WORK INSTRUCTION –
I need the lines below from the one with "На страницах сайта" down to the one with "Woolrich Sweater Vest" reproduced exactly, both ends included, and nothing else.

RECORD EXCERPTS –
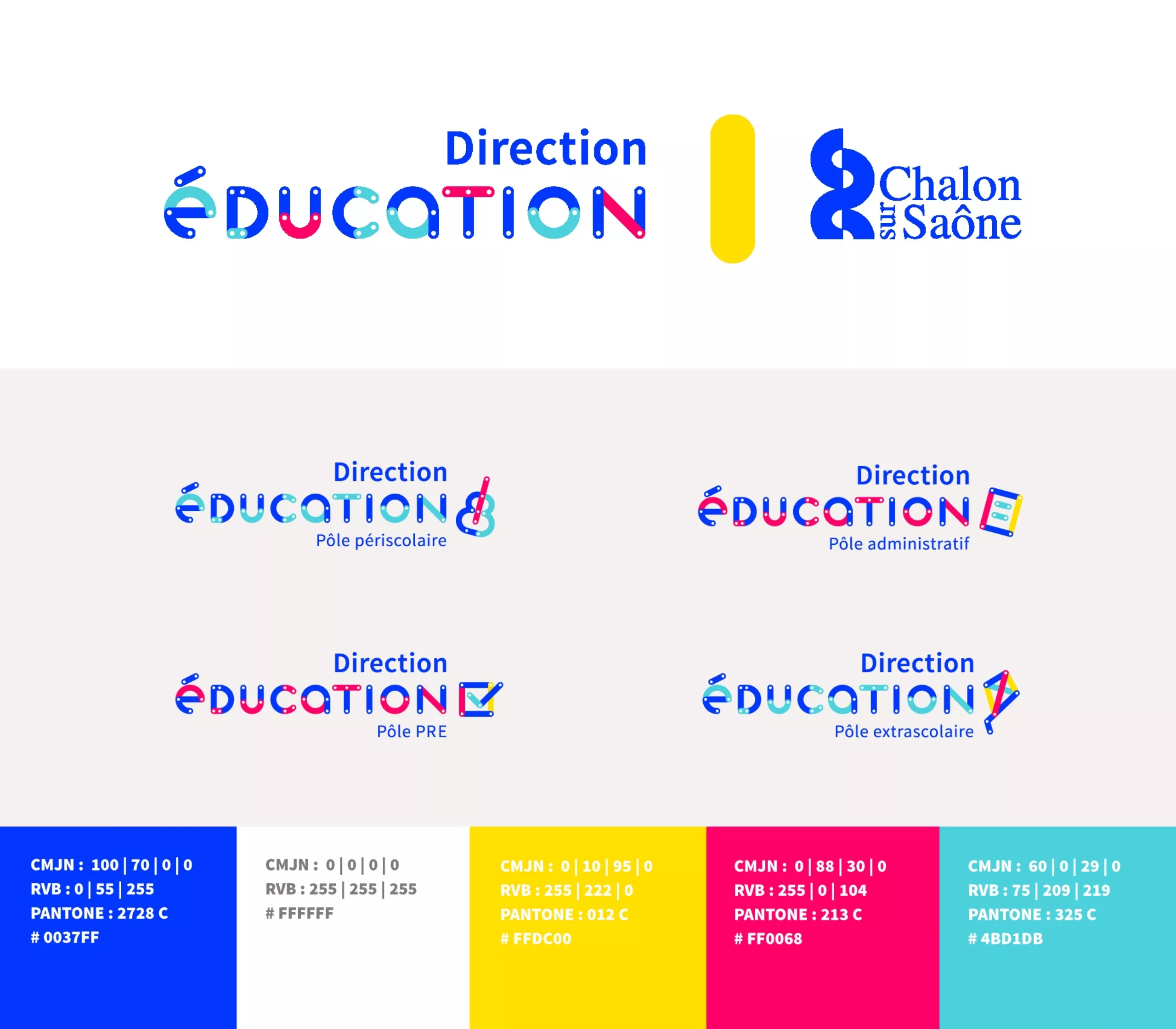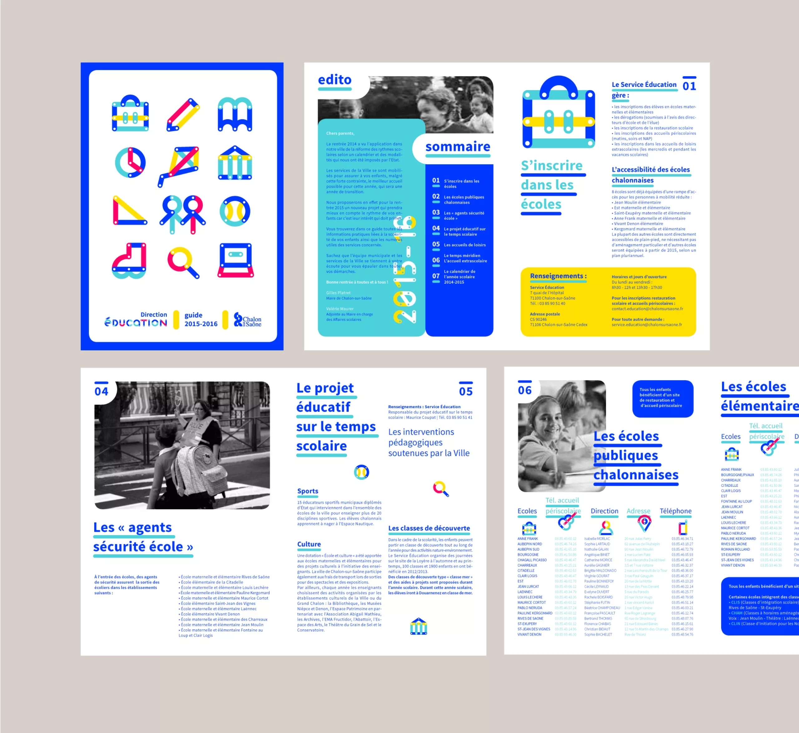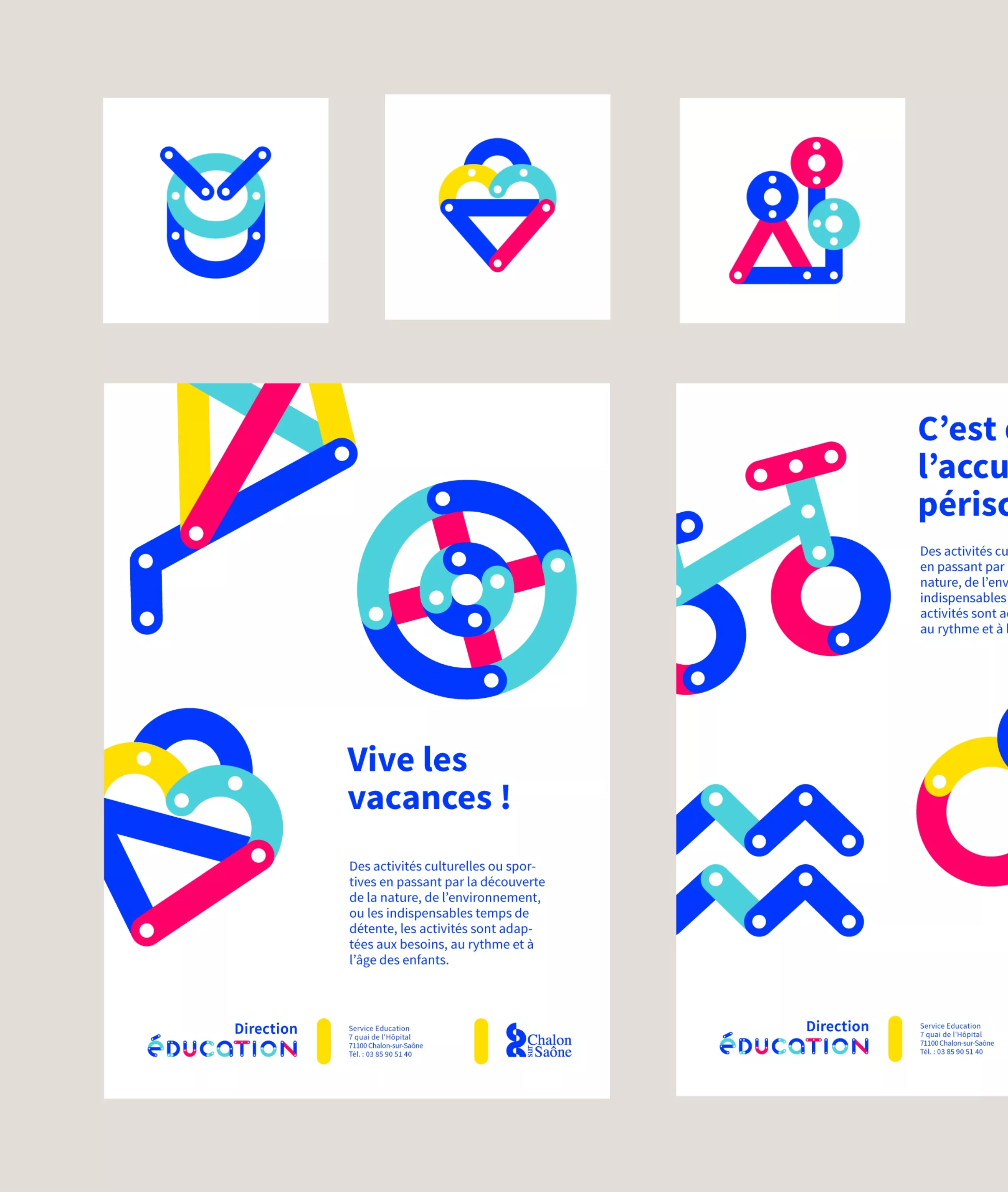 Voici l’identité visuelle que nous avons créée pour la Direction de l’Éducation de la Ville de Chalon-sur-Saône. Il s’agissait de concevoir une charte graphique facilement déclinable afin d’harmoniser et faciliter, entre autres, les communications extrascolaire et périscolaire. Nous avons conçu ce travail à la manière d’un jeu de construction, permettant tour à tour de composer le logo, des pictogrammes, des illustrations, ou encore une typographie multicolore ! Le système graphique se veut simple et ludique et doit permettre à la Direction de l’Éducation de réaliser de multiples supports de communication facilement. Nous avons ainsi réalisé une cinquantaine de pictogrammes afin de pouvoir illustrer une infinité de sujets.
---
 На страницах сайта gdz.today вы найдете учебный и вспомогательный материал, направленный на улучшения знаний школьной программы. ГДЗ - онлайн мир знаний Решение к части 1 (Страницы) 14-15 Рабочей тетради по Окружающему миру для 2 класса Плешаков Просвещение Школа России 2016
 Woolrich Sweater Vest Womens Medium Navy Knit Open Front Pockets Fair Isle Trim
...
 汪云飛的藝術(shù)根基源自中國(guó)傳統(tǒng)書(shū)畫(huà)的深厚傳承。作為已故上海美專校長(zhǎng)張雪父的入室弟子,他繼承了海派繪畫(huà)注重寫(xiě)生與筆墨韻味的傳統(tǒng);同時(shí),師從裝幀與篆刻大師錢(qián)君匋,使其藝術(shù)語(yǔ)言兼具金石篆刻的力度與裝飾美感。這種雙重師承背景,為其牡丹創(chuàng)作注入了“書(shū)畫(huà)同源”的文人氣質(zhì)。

SOLUTION –
 На страницах сайта gdz.today вы найдете учебный и вспомогательный материал, направленный на улучшения знаний школьной программы. ГДЗ - онлайн мир знаний Решение к части 1 (Страницы) 14-15 Рабочей тетради по Окружающему миру для 2 класса Плешаков Просвещение Школа России 2016
 Woolrich Sweater Vest Womens Medium Navy Knit Open Front Pockets Fair Isle Trim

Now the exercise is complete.